Microbiome Analysis Using Next-Generation Sequencing in Urinary Tract Infections
Article information
Abstract
In recent decades, the understanding of the genetic information of microbes and hosts has advanced considerably with the development of next-generation sequencing (NGS). For infectious diseases, genomic analysis can provide valuable information on the host disease susceptibility, microbial pathogenicity, and drug sensitivity. For urinary tract infections (UTI), NGS can reveal the pathogenic microbe and the dysbiosis of the urinary microbiome, which is a crucial factor in the pathogenesis of UTI and other urinary tract disorders. This review outlines the role of urinary microbiome dysbiosis in UTI, urinary stone disease, and cancer. Furthermore, the recent advances in NGS technologies for future applications in infectious disease research are described in detail.
INTRODUCTION
The recent COVID-19 pandemic has highlighted the importance of host and microbial genetics in infectious diseases. For the host, variants of the innate immunity genes, such as toll-like receptors or interferon-alpha receptors, are significantly associated with severe symptoms and mortality [1-3]. Rapid genomic evolution of the virus has also been observed, which increases infectivity and avoids immune surveillance [4]. Similarly, in urinary tract infections (UTIs), innate immunity plays a significant role in the early host response to bacterial invasion [5]. Therefore, variants of the toll-like receptor genes, chemokine genes, and interferon response genes are associated with the host susceptibility to UTI and the symptom severity [5-8]. Furthermore, urinary tract microbes, such as uropathogenic Escherichia coli (UPEC), have evolved by mutating their proteins or adopting exogenous genes, adhesins (pili and curli), toxins (lipopolysaccharide and hemolysin), and iron acquisition systems (siderophore and hem receptor), as well as undergoing immune evasion (capsule, o-antigen, cellulose) [9]. On the other hand, bacterial strains, such as E. coli 83972, have evolved to promote symbiosis by decreasing the virulence factors (hemolysin) and increasing the colonization factors (adhesins) [10]. These bacteria usually do not lead to the development of urinary symptoms [10] and may even provide protection against recurrent UTIs [11,12].

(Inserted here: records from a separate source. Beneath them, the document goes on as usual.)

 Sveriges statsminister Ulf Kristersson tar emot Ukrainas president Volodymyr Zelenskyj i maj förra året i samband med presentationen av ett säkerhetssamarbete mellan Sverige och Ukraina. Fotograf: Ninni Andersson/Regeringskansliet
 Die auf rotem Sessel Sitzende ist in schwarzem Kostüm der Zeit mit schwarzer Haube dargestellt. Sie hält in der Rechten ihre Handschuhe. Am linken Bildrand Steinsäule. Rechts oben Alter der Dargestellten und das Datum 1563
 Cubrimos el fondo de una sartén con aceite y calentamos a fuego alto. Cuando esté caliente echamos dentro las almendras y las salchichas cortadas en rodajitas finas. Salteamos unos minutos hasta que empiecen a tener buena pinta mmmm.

Currently, urine culture is the primary method for identifying pathogenic microbes. On the other hand, not all microbes (bacteria, fungi, or viruses) can be cultured using standard techniques (low sensitivity) [13]. Moreover, the bacteria cultured from the urine of an asymptomatic host may lead to unnecessary or potentially harmful antibiotic treatments (low specificity) [14]. Indeed, the presence of UPEC alone in UTIs does not always correlate with the development of urinary symptoms [15]. Next-generation sequencing (NGS) of urine samples showed that the microbiome or an aggregate of diverse microorganisms exists, even in the urine samples of “culture-negative” UTIs [16,17]. Increasing evidence suggests that a disruption of the urine microbiome, or “dysbiosis” of the urinary tract microbes, can result in infection and other urinary tract disorders [18-21].

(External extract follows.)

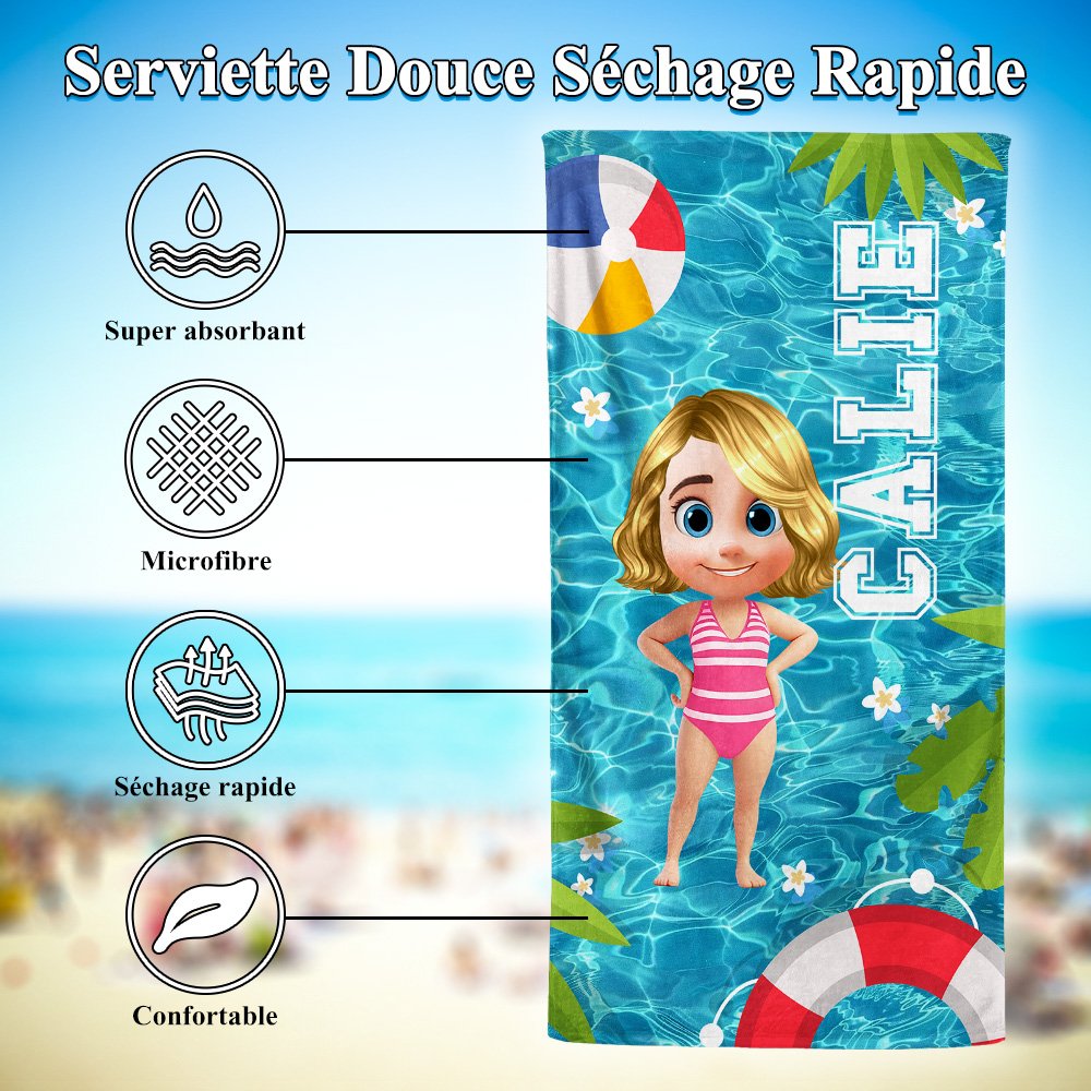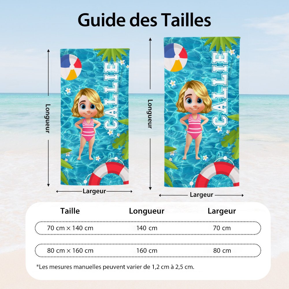 Cette serviette de plage présente un motif vivant de personnages de dessins animés en 3D sur fond de piscine, apportant une touche d'amusement et de joie à vos activités aquatiques estivales. Vous pouvez choisir parmi différents motifs de personnages 3D adorables, selon vos préférences, et les personnaliser avec votre nom ou un texte spécial, ce qui fait de cette serviette un article personnel unique.

Microbiome analysis offers new avenues for basic scientific and translational research to understand the human urinary tract in health and disease states better. Clinically, potential applications include individuals with chronic recurrent lower urinary tract symptoms. NGS may help better understand the pathophysiology of these conditions and help develop approaches to managing patients who suffer. This review first outlines the role of urinary microbiome dysbiosis in UTIs. NGS is the primary tool to assess the microbiome that has evolved rapidly in the last decade [22-24]. Therefore, this paper describes in detail the recent developments of NGS technologies for potential applications in microbiome research.
MAIN BODY
1. Urinary Microbiome and Urinary Tract Infections
The findings of symbiotic urinary bacteria and the application of NGS technologies for urinary microbe analysis have shown that urine is not sterile but carries normal urinary flora [25-27]. Similar to the normal intestinal flora that protects the bowel from colonization by exogenous pathogenic bacteria [28], the “urinary microbiome” is closely related to the development of UTIs [29-31]. For example, the urinary microbiome is affected by the host genetics, age, diet, and comorbidities, all of which have been clinically implicated in recurrent UTIs [32,33]. Even in otherwise healthy hosts, the urinary microbiome can differ according to age and sex. Fredsgaard et al. [34] used bacterial 16S rRNA amplicon sequencing to analyze the bacterial DNA in clean-catch midstream urine samples from prepubertal hosts. They reported that the urinary microbiota of prepubertal children is different from that of healthy adults, and there was a significant difference in the urinary microbiota between young boys and girls [34].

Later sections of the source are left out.